Elsewhere Around the World
In the US there's a federal telco rule (universally ignored) stating that after getting a busy signal we must wait 60 seconds before re-trying the number. Few people know about it and no one observes it, although I have an electronic telephone where it's built in. It's also possible the rule was rescinded and no one told us, which is why this phone was so cheap from Damark.
Anyway, in some parts of the world they take such things VERY seriously and modems cannot be sold in those countries that don't conform. The legal strictures you see below must be built into the modem chips before the modem can be imported. Here's a short list.
It's much more than just laws against war-dialing. Check especially France (the planet idiots) and Austria which hasn't done anything right since the emperor died.
SINGAPORE: 5 retries without delay, 2 minute delay between next 4 retries. After 10 tries the number goes on the FORBIDDEN LIST and stays there for TWO HOURS.
BELGIUM: 1 minute delay between each retry, after 5 tries the number goes on the FORBIDDEN LIST and stays there for ONE HOUR.

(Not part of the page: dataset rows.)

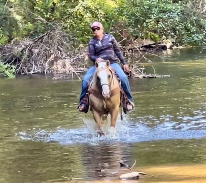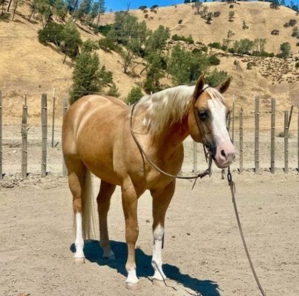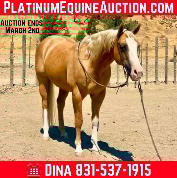 ONLINE AUCTION Place your bids at www.PlatinumEquineAuction.com Starting Bid $3500 Auction ends March 2nd, 2025 Need a new saddle? Check out White Rock Saddles on our website or Facebook! Meet Cruzn My Nu Hotrod, the palomino gelding that’s turning heads at our ranch! This guy is not just any horse; he’s a dual-registered superstar with APHA and AQHA, born in 2015 and standing at a solid 14.3 hands. Hotrod has that perfect look and build that every horse lover dreams of. Sired by The Great White Hope, who boasts lineage to the NRHA two-million-dollar sire Nu Chex To Cash, and with the legendary Zipps Chocolate Chip in his pedigree, he’s got some serious credentials! Hotrod was trained by a reining expert, and trust me, he knows how to move with style. From ranch riding to trail classes, he’s done it all and does it with flair. His resume is impressive—think classy spins, stunning sliding stops, and smooth circles. No quirks here; he’s the barn favorite for a reason! Plus, his ground manners are top-notch—clipping, brushing, shoeing, saddling, and bathing are all a breeze with him. Throw any obstacle his way, and he’ll tackle it with grace, whether it’s teetering bridges or trotting over poles. This guy is not just a pretty face; he’s also a fantastic ranch worker, eager to gather cattle and tackle any task you throw at him. Hotrod is great on trails, handling logs and rocky paths like a pro. He’s even started heeling and shows promise as a rope horse. With experience in busy parks and on beaches, he’s unfazed by trains, tourists, or joggers. Perfect for families and novice riders, he’s the definition of safe and reliable. Hotrod is always ready to greet you at the gate, making him the go-to horse for everyone. If you’re looking for a top-notch ranch horse or a classy show contender, give us a shout at Longhorn Ranch! Dina at 831-537-1915, located in beautiful Paicines, CA, would love to introduce you to this phenomenal gelding! ONLINE AUCTION Place your bids at www.PlatinumEquineAuction.com Starting Bid $3500 Auction ends March 2nd, 2025 Need a new saddle? Check out White Rock Saddles on our website or Facebook!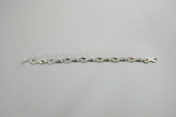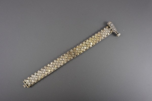 Un bracelet en argent (800°°°) à mailles articulées alternant des..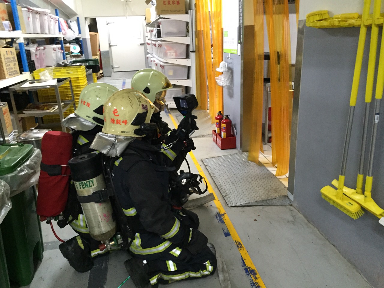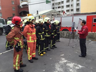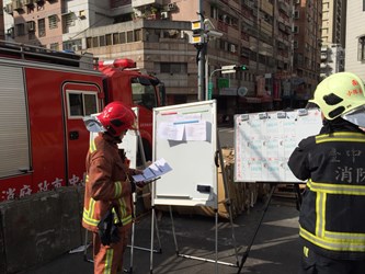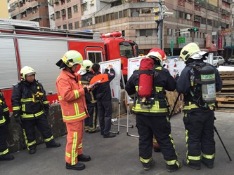 另,此次火點模擬為地下室起火,搶救人員使用熱影像儀進行搶救搜索,讓搜索區域更容易達到區域化、目標化,另針對消防安全檢查,對場所消防安全設備進行測試,同時檢查場所的逃生出口路線標示是否明確,強化場所災害緊急應變能量。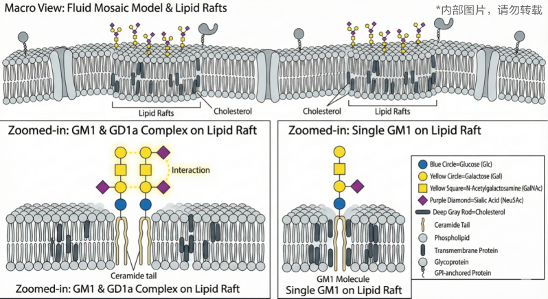 神经节苷脂常聚集于细胞膜的糖鞘脂富集微域,患者体内不仅存在单体抗体,还可能产生两种神经节苷脂形成的复合体抗体,而单体检测可能无法识别复合体抗原表位。漏检一个复合体抗体,可能错过一个诊断。

ITALY: 5 retries without delay. 2 minute delay between next 4 retries, after 10 tries the number goes on the FORBIDDEN LIST and remains there for TWO HOURS.
FRANCE: 2 minute delay after 1st call, 4 minute delay after 2nd call, 6 minute delay after 3rd call, etc. After 6 tries on a busy number it goes on the FORBIDDEN LIST and remains there, locked out FOREVER.
AUSTRIA: No delay between retries. After 3 tries to numbers that answer but have no modem tone the number goes on the FORBIDDEN LIST. After 11 tries to numbers which are busy the number goes on the FORBIDDEN LIST. Numbers on the FORBIDDEN LIST remain there, locked out FOREVER.